Spanish jobless rises again in February

2nd March 2011, Comments 0 comments

The number of Spaniards out of work rose for a second consecutive month in February, official data showed Wednesday, adding to government problems in cutting spending and restoring the public finances.

There were nearly 4.3 million people registered as unemployed last month in Spain, which has the highest jobless rate in the industrialised world, a rise of 68,260 people or 1.6 percent from January, the labour ministry said.

Compared with 12 months ago, the figure was up 4.0 percent or 168,638.

The rise in the number of those unemployed and claiming benefit adds to the squeeze on public sector finances just as the government is trying to stamp out fears that Spain will need an Irish-style EU-backed bailout.

Figures Tuesday showed Spain had a 2010 public deficit of 9.24 percent of economic output, just below its target of 9.3 percent as spending cuts by the central government offset the missed targets of about half of the country's 17 regional administrations.

Spain has vowed to drive its public deficit down below the European Union limit of 3.0 percent of Gross Domestic Product by 2013.

"The latest unemployment data were very disappointing, providing further evidence that negative sentiment in the household economy is going to linger during 2011," said Raj Badiani, an economist at IHS Global Insight in London.

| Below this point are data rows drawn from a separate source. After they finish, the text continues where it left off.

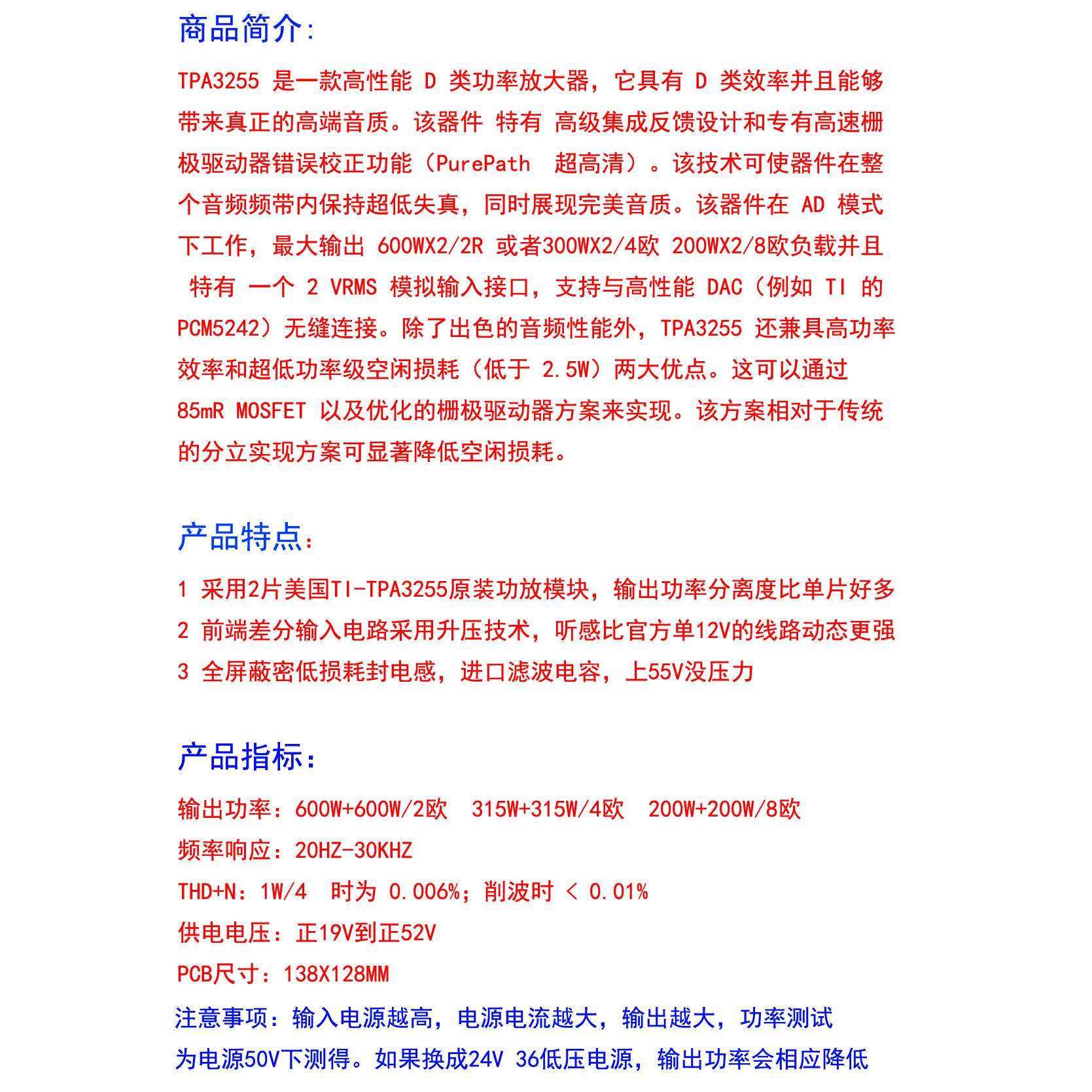 📚 SAMP-200双核心TPA3255发烧大功率2声道功放板600W+600W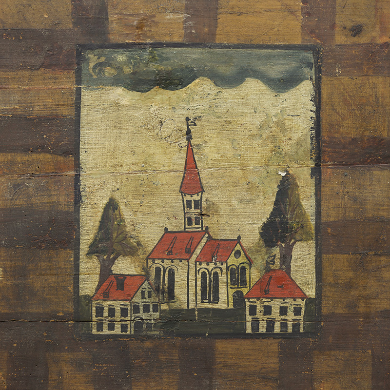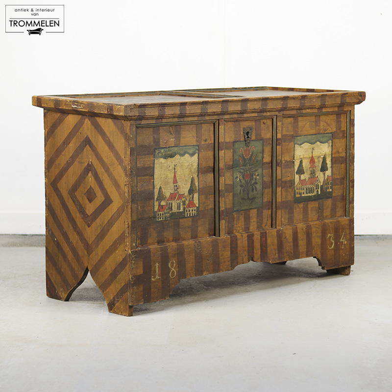 Primitief versierde / beschilderde bruidskist uit Duitsland, om precies te zijn uit Mittel-Franken. De kist heeft een zeer rustieke uitstraling en toont volop karakter. Het geheel is met een streepmotief versierd en de panelen aan de voorzijde zijn versierd met dorpstaferelen en tulpen. De kist verkeert in een nette, maar gebruikte staat. Zo zijn er sporadisch wat oude houtworm sporen waar te nemen, welke uiteraard zijn nagelopen en behandeld. Vroeger was het gewoonte om bruidsmeubelen als deze bij een trouwerij cadeau te geven aan het echtpaar. Deze meubelen werden naderhand op de boerderij in een pronkkamer geplaatst die enkel zelden gebruikt werd bij hoog bezoek of speciale gelegenheden. Een prachtig en decoratief stuk geschiedenis dus. Dit exemplaar dateert uit 1834.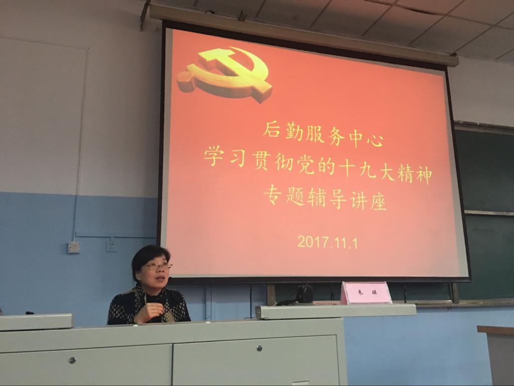 2017年11月1日下午,后勤服务中心在校本部10号教学楼第一合堂教室举办学习宣传贯彻党的十九大精神专题辅导讲座,邀请了我校马克思主义学院朱瑛教授辅导。中心领导、科级干部、全体党员、班组长及职工代表近200人聆听了讲座。

"Firms continue to exercise a very cautious approach to hiring as a result of the weak domestic demand conditions and tight profit margins," he added.

The government does not provide a jobless rate but the national statistics institute, which uses a different calculation method from the labour ministry, said in January that it stood at 20.33 percent at the end of 2010.

That is the highest level in the Organisation for Economic Cooperation and Development and topped the government target of 19.4 percent for the year.

Spain's booming construction industry drew millions of unskilled immigrant workers and generated high levels of economic growth in the decade to 2008.

But the collapse of the property bubble, compounded by the global financial crisis, left many people out of work, especially immigrants and youths.

Secretary of state for employment, Mari Luz Rodriguez, called Wednesday's unemployment figure "a bad number" but she stressed that the rise in joblessness was smaller then those posted in February of 2010 and 2009.

In October, the government raised its forecast for the jobless rate for 2011 to 19.3 percent from a previous estimate of 18.9 percent due to the effects of spending cuts aimed at reining in the public deficit.

It predicts the jobless rate will dip to 17.5 percent in 2012 and 16.2 percent in 2013.

The Spanish economy, the European Union's fifth biggest, shrank 0.1 percent in 2010, after contracting 3.7 percent in 2009, making it one of only three eurozone countries along with Greece and Ireland to have shrunk last year.

The government predicts it will expand by 1.3 percent this year but the International Monetary Fund sees growth of just 0.6 percent.

Last year, the government introduced a hotly contested labour market reforms which cut the country's high cost of firing workers and gave companies more flexibility to reduce working hours and staff levels in economic downturns -- changes that it argued would boost job creation.